As governments get strapped for cash, they're turning to private industry to build toll roads and operate airports.
That has been a successful formula in many South American countries, but it has been slower to catch on in the United States.
"The bottom line is that we all recognize that we have limited resources," said U.S. Transportation Secretary Federico Pena. "We have a lot to learn from South America."
Privatization was a major topic Thursday at a meeting of Pena and transportation leaders from 12 nations in North and South America. The meeting, a prelude to President Clinton's Summit of the Americas in Miami, gave the officials a chance to exchange ideas and discuss new technology.
"They learned a lot about our problems and we learned a lot about theirs," said Claudio Hohmann Barrientos, the deputy secretary of transport in Chile.
The United States has tried privatization with mixed success for 200 years.

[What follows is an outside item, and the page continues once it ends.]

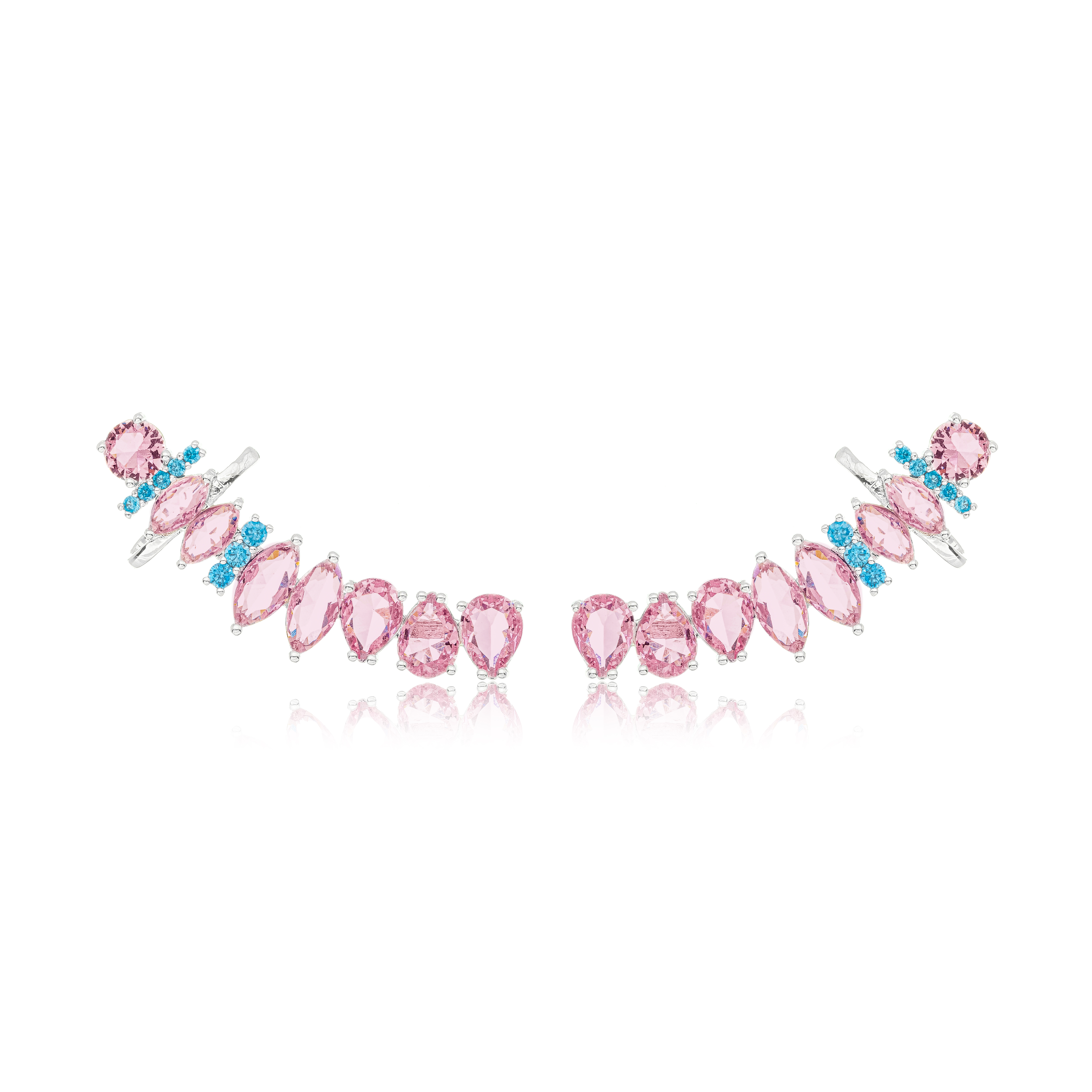 Brinco Ear Cuff Rosa com Cristal Turquesa Confeccionado em banho de Ouro Amarelo 18K.

Many early toll roads were privately owned but were eventually turned over to the government.
Private toll roads are under construction in California and northern Virginia.
Pena has proposed turning over the air traffic control system to a government corporation so it can modernize radar and other equipment more quickly. About 100 air traffic control towers, including the one at Albert Whitted Airport, are being transferred to companies that can operate them more efficiently.
"In the past, there was a sense that there were adequate government resources," Pena said. "People are now looking to the private sector for help."